Among the factors relevant to sentencing for an offence under s 304(2) of the Code are:
(1)the nature and seriousness of the offender's intent to harm;
(2)the nature and seriousness of any bodily harm caused to a particular victim, or the severity and other circumstances of the actual or likely endangering of the particular victim's life, health or safety as the case may be; and
(3)the potential, as distinct from the actual, consequences of the offender's conduct.[11]
[11] The State of Western Australia v BLM [2009] WASCA 88; (2009) 40 WAR 414 [136]; Kaokula v The State of Western Australia [2016] WASCA 198 [63] and cases there cited.
The appellant's offence was a serious example of an offence against s 304(2). The sentencing judge correctly identified the following features of the appellant's offence as elevating its seriousness:
(1)the use of a weapon;
(2)the appellant's persistence despite attempts by the victim to get away and despite the intervention of a third party; and
(3)even after the victim was unconscious on the ground, the appellant continued her attack on him, stomping on his head and kicking him.
Although the appellant's remorse and empathy for the victim was in her favour, the sentencing judge's observation that the problem lay in the appellant's behaviour when she was under the influence of alcohol, not when she was sober, was, as her record of offending reveals, well placed.
Consideration of reasonably comparable cases does not support a conclusion that the appellant's sentence was manifestly excessive. The appellant referred to only four cases. Four cases are not sufficient to reveal a pattern of sentencing. We refer to the survey of comparable cases by McLure P in Penny v The State of Western Australia.[12] We also refer to the subsequent decisions of this court in Kaokula v The State of Western Australia, Sophiadakis v The State of Western Australia, Chikonga v The State of Western Australia and McAllister v The State of Western Australia.[13]
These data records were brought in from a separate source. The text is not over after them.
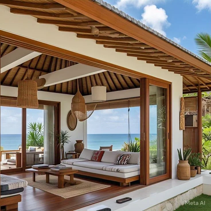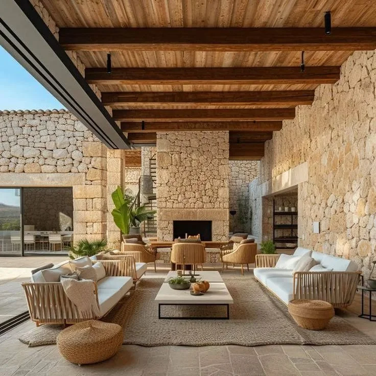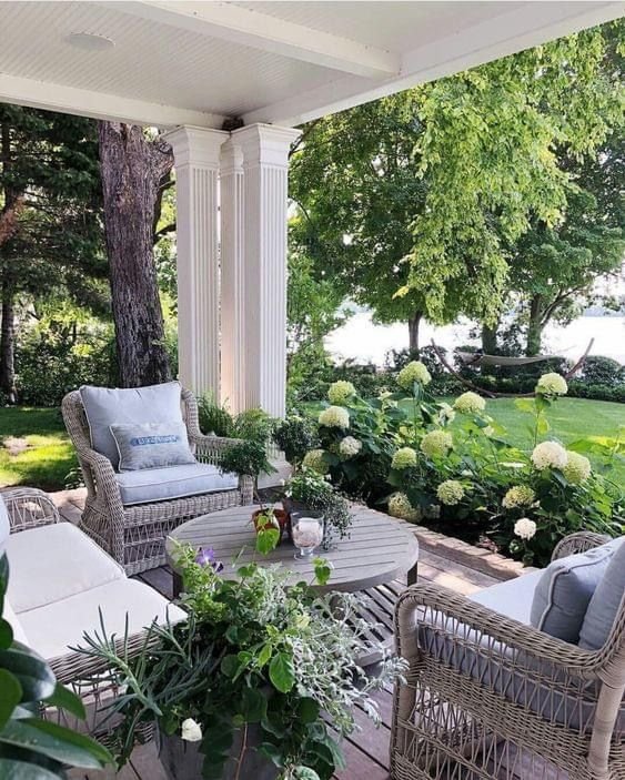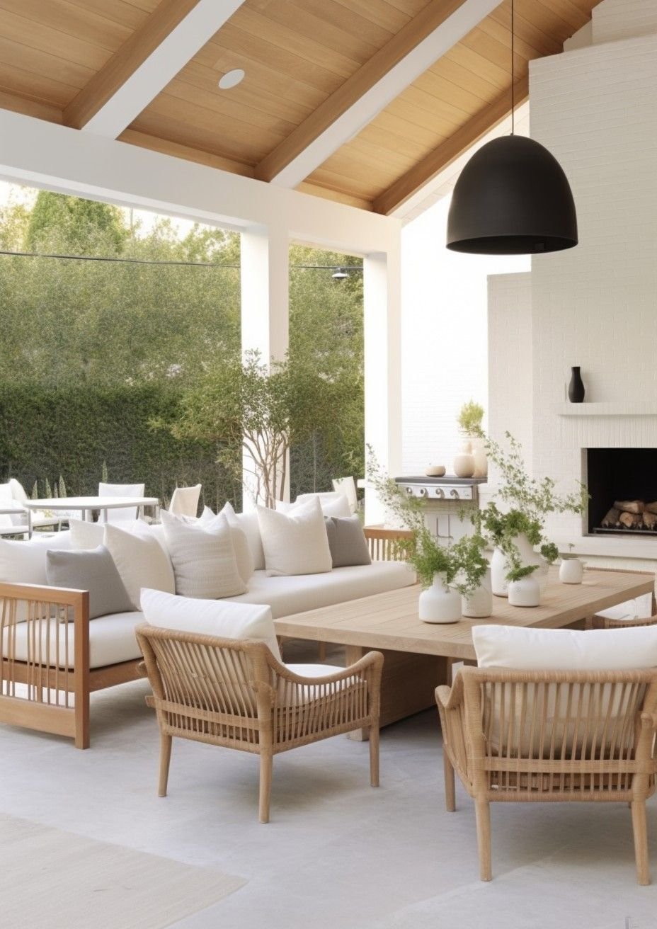 Accent chairs in woven finishes, teak frames, or rope details bring dimension while maintaining the relaxed simplicity that defines coastal style. Covered ceilings in painted wood, natural beams, or light-toned planks help reinforce the open and breezy character these patios are known for.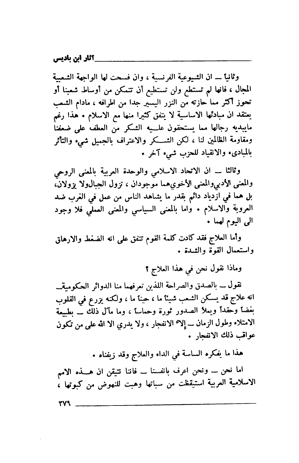 وثانيا- أن الشيوعية الفرنسية، وإن فسحت لها الواجهة الشعبية المجال، فإنها لم تستطع ولن تستطيع أن تتمكن من أوساط شعبنا أو تحوز أكثر مما حازته من النزر اليسير جدا من أطرافه، ما دام الشعب يعتقد أن مبادئها الأساسية لا يتفق كثيرا منها مع الإسلام. هذا رغم ما يبديه رجالها مما يستحقون عليه الشكر من العطف على ضعفنا ومقاومة الظالمين لنا، لكن الشكر والاعتراف بالجميل شيء والتأثر بالمبادئ والانقياد للحزب شيء آخر.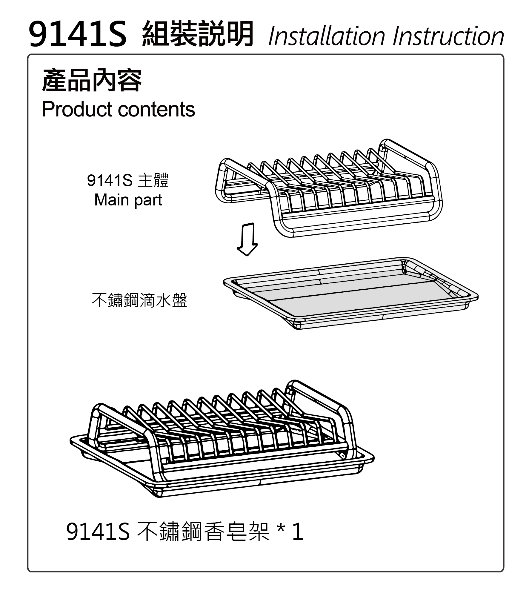| 內部配件: | 不鏽鋼香皂架 * 1 , 不鏽鋼滴水盤* 1 |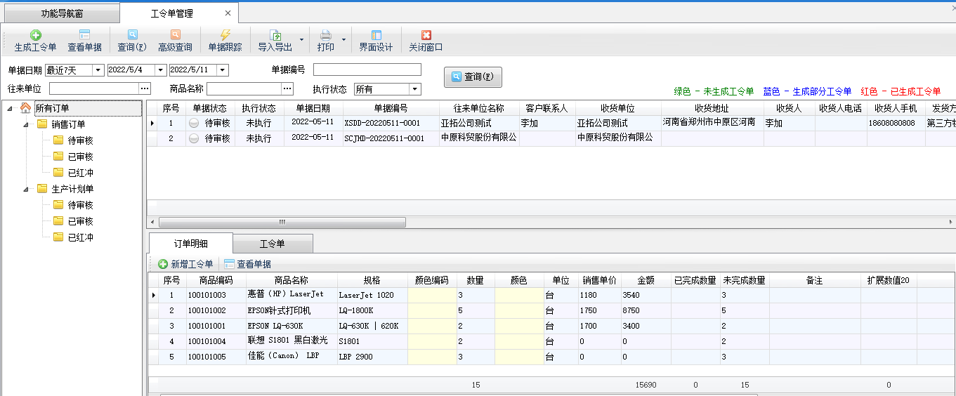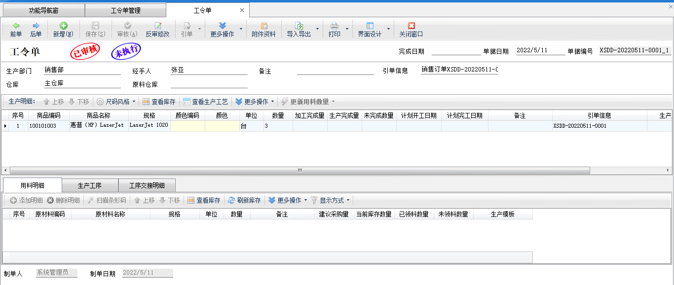 生成工令單:在工具欄點(diǎn)擊“生成工令單”按鈕可以根據(jù)已審核銷售訂單生成工令單。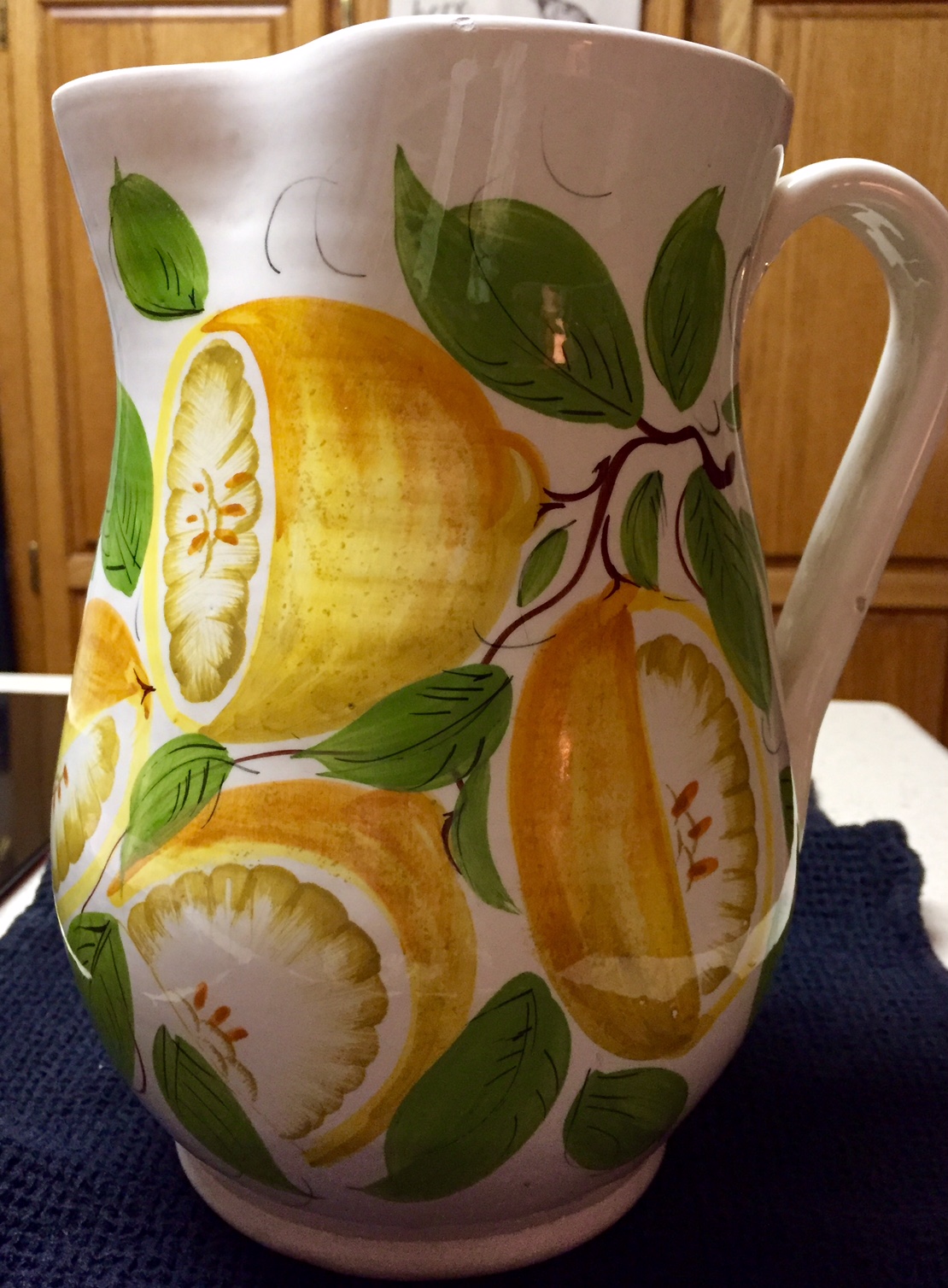 9" high, pinched nose ceramic pitcher with lemons painted on it. looks like grazing in the bottom.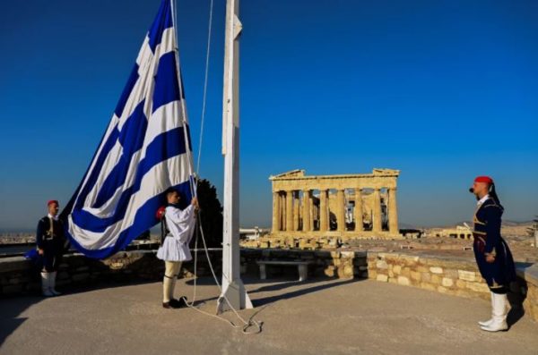 Με τους 21 κανονιοβολισμούς από τον λόφο του Λυκαβηττού και στη συνέχεια την έπαρση της Γαλανόλευκης σημαίας στον ιερό βράχο της Ακρόπολης, άνοιξε το πρόγραμμα των εκδηλώσεων για τον εορτασμό της Εθνικής Επετείου της 25ης Μαρτίου.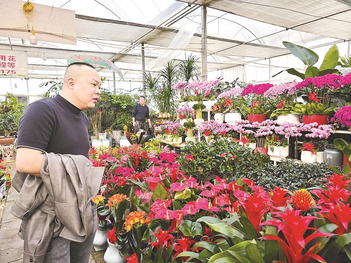 马年春节,衡水市花卉市场迎来鲜花销售高峰,市场内花香四溢、人流如织,新春氛围浓厚。蝴蝶兰、水仙、金橘树等寓意吉祥的花卉绿植备受青睐。一朵朵鲜花不仅扮靓了市民的新春家居,还绽放出基层市场热气腾腾的生机与活力。图为市民在衡水花卉园选购鲜花。 胡竞文 摄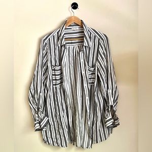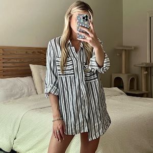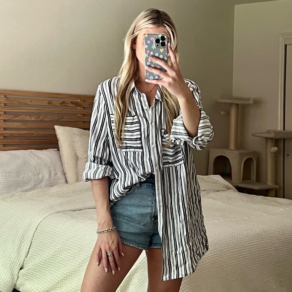 *Oversized* Long navy and white striped button up. Perfect closet staple that can be buttoned up or layered over a crop top!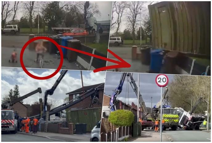 Britanski mediji objavili su dramatičan snimak iz grada Vigana na kojem je prikazano kako se devojčica, koja je vozila bicikl u dvorištu, u poslednjem trenutku uspela da pobegne na bezbedno pre nego što se na prednji deo kuće srušio kran s ogromnim metalnim kontejnerom.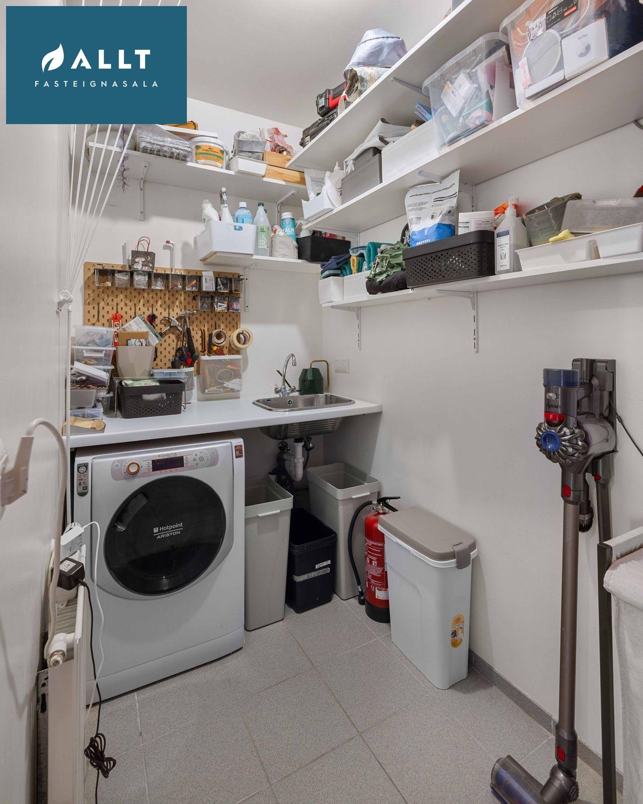 Þvottahús með flísalögðu gólfi, innréttingu og hillum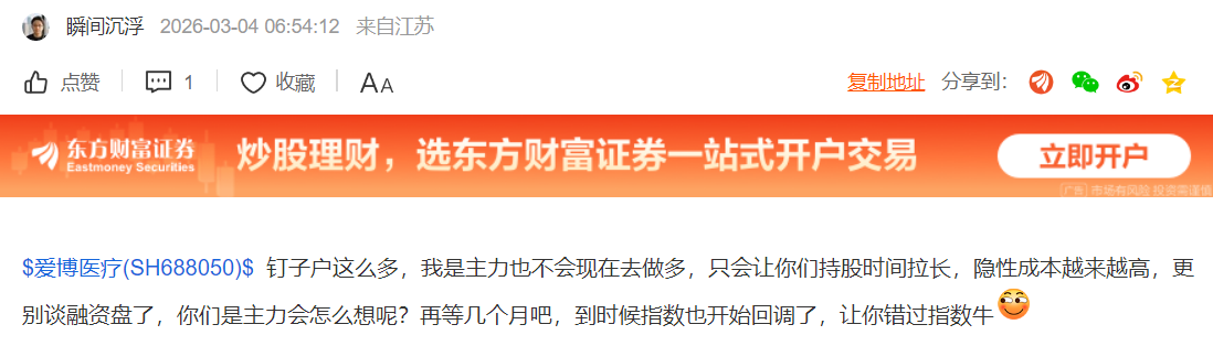 温馨提示: 1.根据《证券法》规定,禁止编造、传播虚假信息或者误导性信息,扰乱证券市场;2.用户在本社区发表的所有资料、言论等仅代表个人观点,与本网站立场无关,不对您构成任何投资建议。用户应基于自己的独立判断,自行决定证券投资并承担相应风险。《东方财富社区管理规定》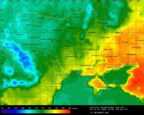 "У західних областях зовсім інша термічна картинка, 12 липня температура повітря становитиме +21...25 градусів. У північній частині України погода обіцяє комфортну літню паузу від спеки, вдень +24...28 градусів. У центральних областях впродовж дня передбачається: на Вінниччині +22...24, на Черкащині та Полтавщині +25...29, у Кропивницькому з районами +26...30, на Дніпропетровщині +30...35 градусів", - написала вона.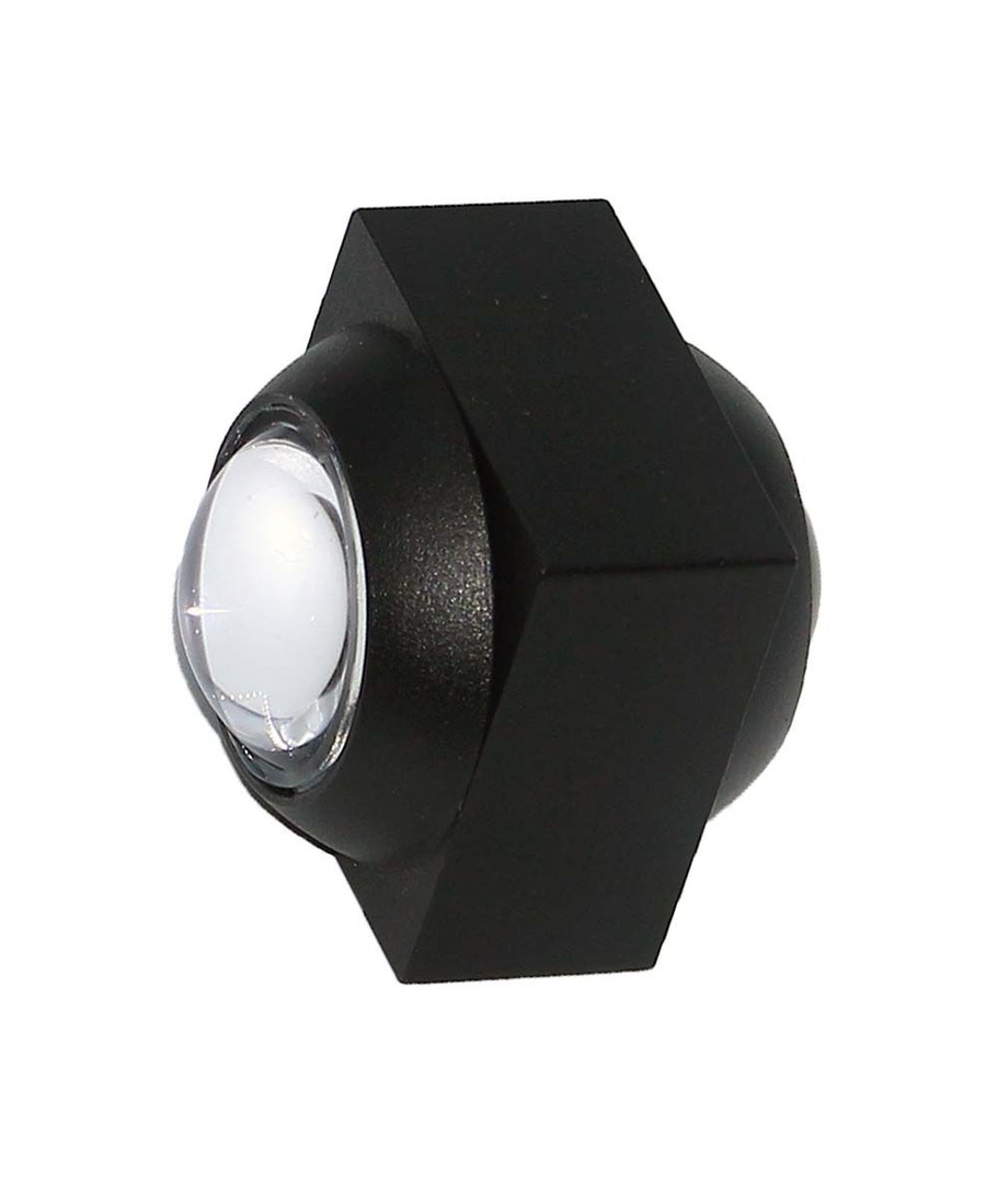 Denna lampa är designad för att monteras på väggen och dess kompakta dimensioner på 50 x 40 x 40 mm gör den perfekt för trånga utrymmen. Med sitt svarta hölje ger den ett modernt och diskret intryck.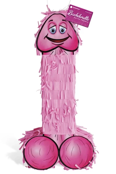 Let the lucky bride-to-be smack around a pecker one last time. This impressive 18-inch long pecker piñata makes a playful party highlight. Fill it with lots of condoms, candies, cock rings and toys (not included) that will make the girls scramble with delight.The bright pink cartoon design is set to deliver laughs all round.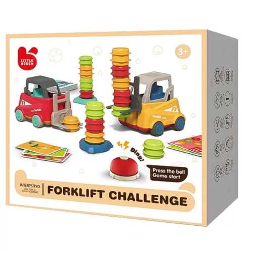 A Targonca kihívás egy izgalmas logikai és gyorsasági társasjáték, ahol a játékosoknak targoncákkal kell újraalkotniuk a feladatkártyákon látható hordótornyokat. A játék fejleszti a szem-kéz koordinációt, a finommotorikát és a logikus gondolkodást, miközben szórakoztató versenyt biztosít.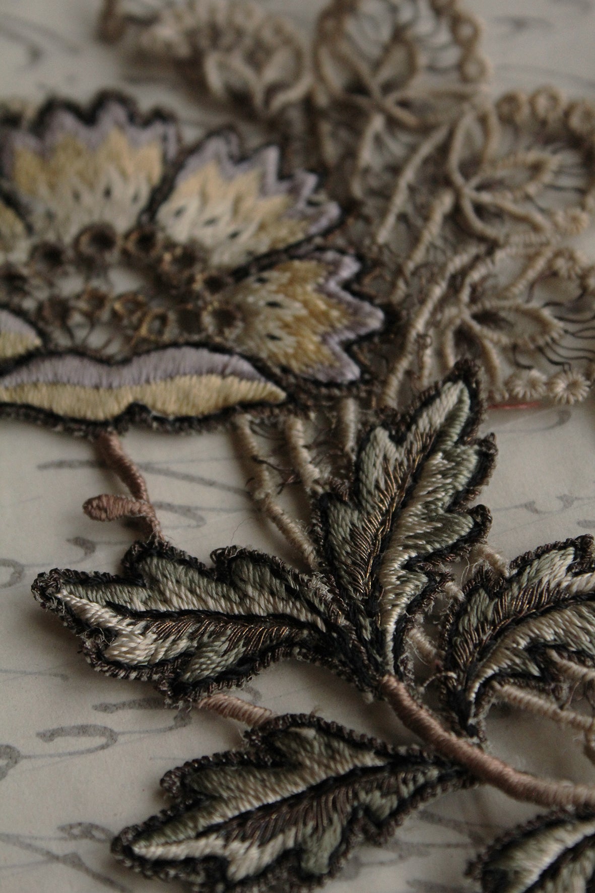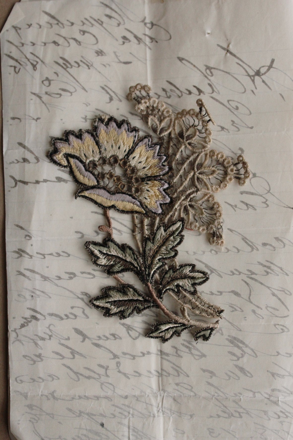 A rare embroidered stylist flower and flower buds, An applique that would have adorned a dress or gown, even a velvet coat for its time. The flower buds appear to be in a Schiffli style. Produced in the early 1900's.

[12] Penny v The State of Western Australia [2016] WASCA 52 [33] ‑ [40].
[13] McAllister v The State of Western Australia [2017] WASCA 183.
The most closely comparable case would appear to be Sophiadakis. In that case the offender struck the victim repeatedly on the head with a hammer, for which she was sentenced to a term of 4 years' immediate imprisonment. However, in that case the offender committed a number of offences and the appeal ground was (relevantly) totality. There was no ground alleging the sentence for the offence against s 304(2) was manifestly excessive.
None of the other cases are directly comparable to the present case. It is not necessary to outline the facts of the offending, the offender's personal circumstances and the sentences imposed in each of those other cases. While some of them have some similar features, they also have significant differences in the circumstances and manner of offending.
Taking into account:
(1)the maximum penalty of 20 years' imprisonment;
(2)the seriousness of the appellant's offence, including the features to which we have referred at [24] above;
(3)the place the appellant's offence occupies on the scale of seriousness of offences of this kind;
(4)the vulnerability of the victim;
(5)the general pattern of sentencing for offences of this kind;
(6)the appellant's personal circumstances; and
(7)the mitigating factors to which the sentencing judge referred;
it is not reasonably arguable that the length of the term of imprisonment was unreasonable or plainly unjust. The sentence of 4 years' immediate imprisonment was commensurate with the seriousness of the offending and was within the range open to the sentencing judge on a proper exercise of his discretion.
It cannot reasonably be contended that the appellant's sentence was manifestly excessive.
Conclusion
For the reasons we have given, we would refuse leave to appeal and dismiss the appeal.